If you have designed your `fit` method well, predict method will be naturally easy. If the node is a leaf, simply return the leaf value. If the node is not a leaf, call predict on one of its child nodes depending on whether it fits the condition.

__If you need more help with these methods, ask a peer with programming experience, or you can seek help from the team.__

In [104]:
preds_dt = dt.predict(X_test.values)
sum(preds_dt == y_test)/len(y_test)

0.7130044843049327

## Random Forests

Now that we have a decision tree, we can build a random forest, comprising of decision trees of randomised bootstraps of our dataset. At the simplest level, a random forest can be simply a list of decision trees that take a vote on the outcome of the prediction. This list can be an attribute of the random forest.

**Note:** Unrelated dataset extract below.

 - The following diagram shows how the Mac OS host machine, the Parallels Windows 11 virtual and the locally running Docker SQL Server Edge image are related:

The basic modification of random forests is the use of bootstrapping. Bootstrapping is done in a few lines of code through `np.random.choice`.

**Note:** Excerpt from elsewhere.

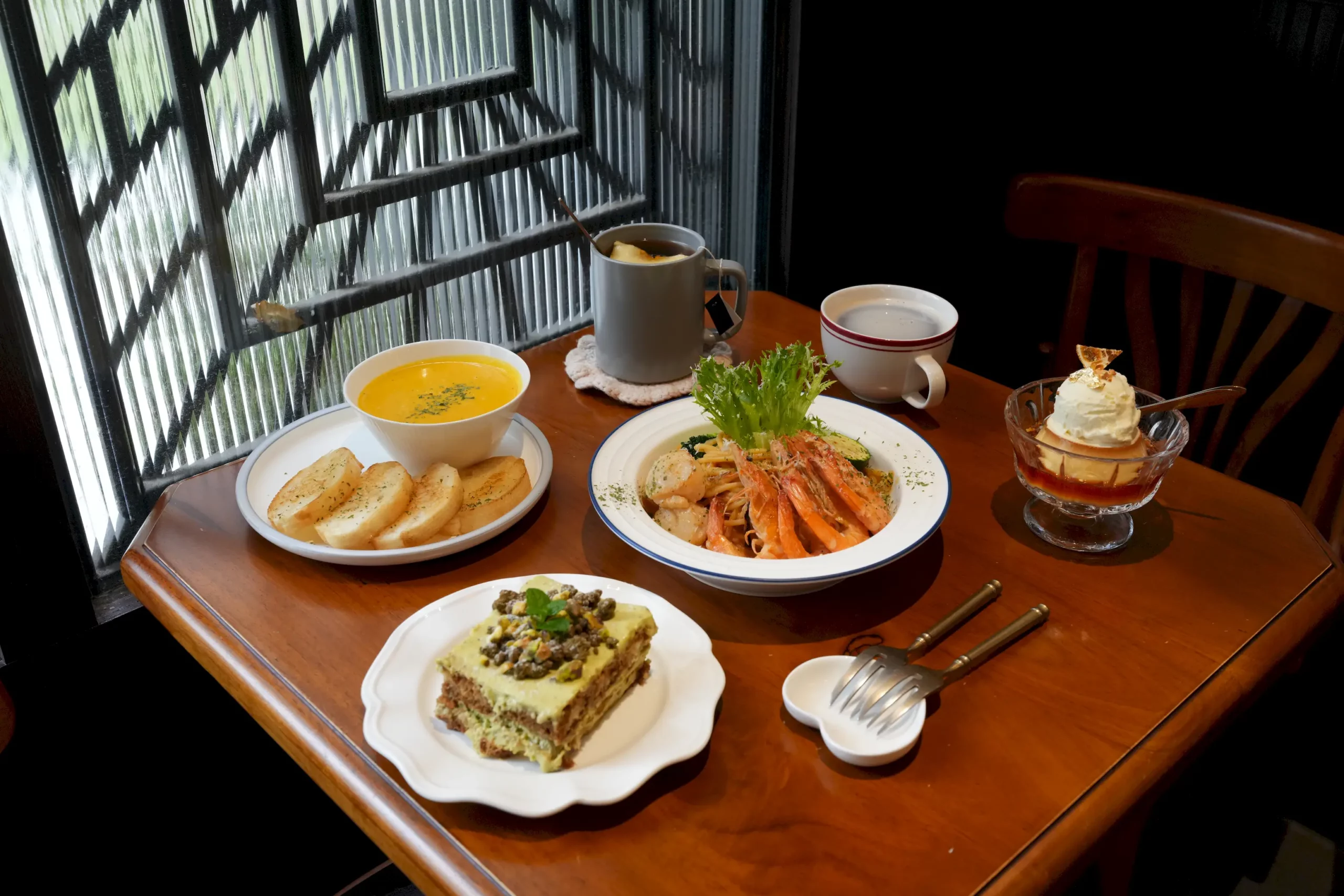售賣的餐點品項也很豐富,有青醬蛤蜊、墨魚等各種風味義大利麵,甜點有塔類和千層蛋糕可以選擇,飲品除了醇萃咖啡和嚴選精品好茶,無咖啡因的選項也不少,對於不喝咖啡因飲品的朋友們來說非常友善。而且這也是一間親子和寵物友善咖啡廳,無論是帶著小孩或是寵物同行都非常適合。

Hence, to begin, build a simple random forest, that will initialise 5 trees through bootstrapping (sampling 100% with replacement), and predict the answer through a voting mechanism out of all the 5 trees. For computational efficiency, we recommend using `np.stack` and `np.array.mean`.

In [105]:
rf_0 = RandomForest()
rf_0.fit(X_train.values, y_train.values)
preds_rf = rf_0.predict(X_test.values)
sum(preds_rf == y_test)/len(y_test)

Next, we will implement `n_trees` to be tweakable. In addition, we will have a `subsample_size` parameter, which does the subsampling that the sklearn's random forest could not do. We can continue to use `np.random.choice`, but if subsample_size > 1, we can sample without replacement instead. (Or you could have another parameter to adjust that too.)

In [110]:
rf_1 = RandomForest(n_trees=10, subsample_size=0.8)
rf_1.fit(X_train.values, y_train.values)
preds_rf1 = rf_1.predict(X_test.values)
sum(preds_rf1 == y_test)/len(y_test)

Finally, we will implement the `feature_proportion` feature, which refers to the number of features we allow each tree to use. This further increases the randomness and eliminates overfitting.

In [112]:
rf_2 = RandomForest(n_trees=100, subsample_size=0.5, feature_proportion=0.5)
rf_2.fit(X_train.values, y_train.values)
preds_rf2 = rf_2.predict(X_test.values)
sum(preds_rf2 == y_test)/len(y_test)

0.8116591928251121

You may wish to attempt to implement other optional parameters of random forest. One important parameter is `max_features` which makes the tree lose some features at every node, or `max_depth`, which limits the number of levels the tree can have. However, we chose to leave these out, as they require tweaking at the decision tree level, which is an exercise left for your own choice.

__Congratulations!__ You have finally come to the end of the week 1. Hope you had as much fun as we had building it!